A velha tesoura preta

Ela se instalou solenemente na pensão de Arminda, em Curvelo (MG), como um mistério que perdura há décadas. Ninguém soube ao certo como ou de onde veio aquela grande e preta tesoura de ferro. Uma das versões mais aceitas é a de que um parente a trouxe no fundo da sua viajada mala, vindo da Europa no fim do século 19, como presente de um amigo alfaiate. O pesado, pontudo e cortante artefato se tornaria uma especial testemunha da nossa história familiar. 

Como elo atemporal entre gerações, a velha tesoura segue desafiando o tempo, cortando papeis, panos e outros materiais que fazem parte da rotina da minha casa natal. Minha mãe, desde sua mais tenra infância, guarda memórias da tesourona que viajava entre cidade e fazenda para cumprir variadas funções nas mãos de cozinheiras, costureiras, parteiras e floristas. Para mulheres de ofícios diversos, a ferramenta sempre afiada se mostrou uma incansável aliada. 

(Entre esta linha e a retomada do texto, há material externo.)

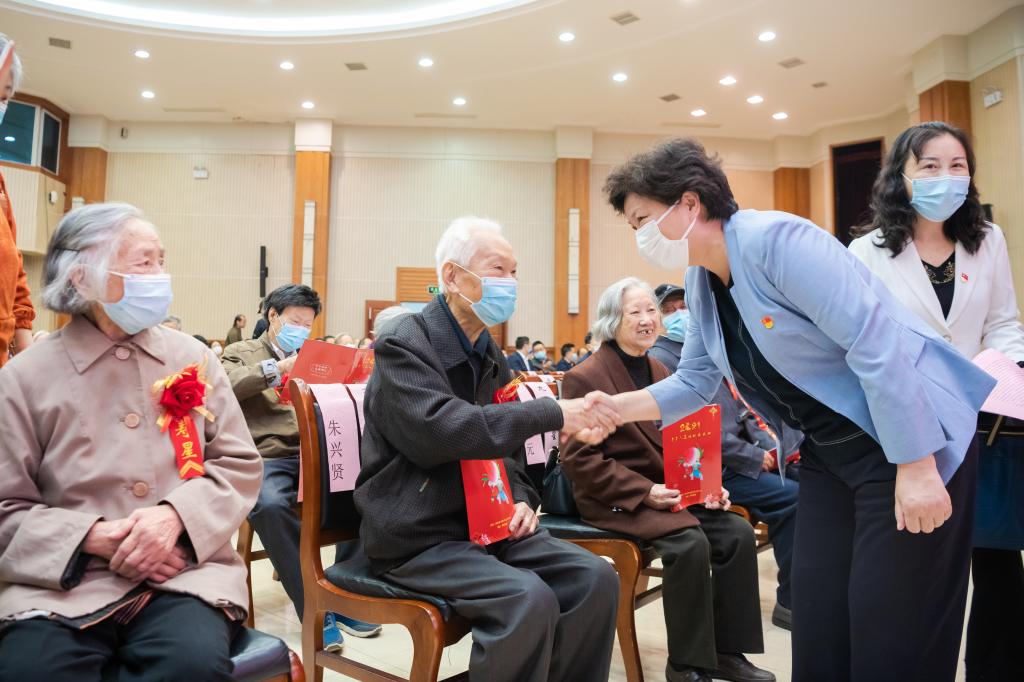 庆典上,校领导为九十岁老寿星代表敬献鲜花,青年学生为现场全体寿星敬献鲜花。为进一步弘扬中华民族孝老爱亲传统美德,营造养老敬老社会氛围,学校正在全校范围内开展“敬老月”活动,深入开展党史学习教育,挖掘“老有所为”先进事迹,推进“智慧助老”行动,不断增强广大老年人的获得感、幸福感、安全感。

Robusta, pronta para qualquer desafio, ela se deslocava de um lugar para outro da forma mais singela, no bolsão frontal do avental de brim de minha bisavó Du. Do canteiro de hortaliça ia para os bancos de madeira, cindindo ou recortando tudo o que fosse necessário. Na fazenda, podava arbustos de rosa e cuidava dos pés de laranja. Nas mãos habilidosas, ela era a elegância em pessoa, executando os moldes para vestidos, calças e camisas, incluindo até as finas vestimentas de casamento. 

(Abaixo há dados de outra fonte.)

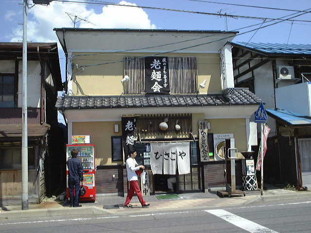 | 13:00ころ。「ひさごや」 せっかく来たので、もう一軒行こうと言うことになり入ったお店。町の中心部にある。ライダーの先客が十数名いた。ビールなんか飲んでるが・・・良いのか? |

De geração em geração, ela cortou fitas de cetim para embrulhos de presentes e laços de cabelo, preparou roupas de todos os familiares, extraiu pétalas de tecido gomado para as flores artesanais de Tia Hebe, Arminda e minha mãe. O que mais encanta na história dessa tesoura foi, contudo, sua tarefa mais íntima, a de cortar o cordão umbilical de todos os 10 filhos da vovó Du. O seu lugar de repouso final, após o dia de trabalho árduo, é até hoje a gavetinha superior da centenária máquina de costura Singer.

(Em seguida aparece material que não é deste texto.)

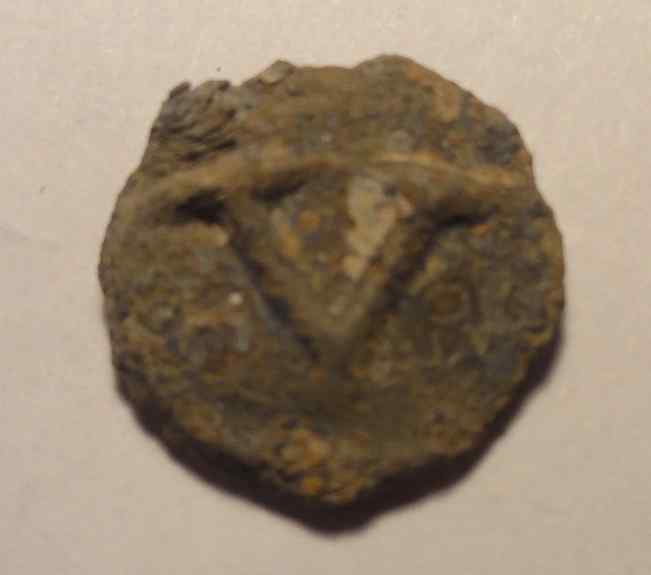 Vous en pensez quoi ? çà pèse 2.17 gr, 13 mm de diam. et j'y verrai un animal avec deux grandes oreilles (donc pas un cheval ?) et un long museau sur quatre pattes ? bon comme ça c'est pas évident !! et un V sur l'autre face. ( ça je crois que j'ai tout bon !! !

Suja de terra, engasgada com fiapos ou lambuzada de gordura, basta levá-la à torneira para um banho com sabão em barra ou detergente e deixá-la pronta para a próxima missão. Essa batalhadora versátil era capaz de cortar qualquer coisa plana, mas também tinha o dom de unir corações da família nos momentos mais desafiadores. Serviu para cortar cabelos de meninas irrequietas e para confeccionar ataduras de machucados na labuta.

Ela foi usada até para criar a fantasia de anjinho que a minha mãe usou na coroação de Nossa Senhora, a adorável cerimônia do mês de maio. Até o renomado estilista curvelano Alceu Penna a utilizou em sua mesa para compor uma peça única. Na cozinha do fogão à lenha da pensão, ela separava folhas de alface e, a partir delas, extraiam-se tirinhas para a salada. 

A tesoura resistente, versátil e prestativa era feita de material indestrutível. Por isso permanece imponente até hoje, sem nunca enferrujar. As suas duas partes delgadas unidas em arrebite, que também nunca saiu do eixo, forjam o modelo de durabilidade de um labor interminável e formam o símbolo do legado que deixou para a nossa família. Os 30 centímetros de ferro escuro não dão a dimensão correta do artefato. Nele estão a união, a tradição e trajetória que honram e transcendem a minha gente. Em cada corte que deu, um coração a outro juntou.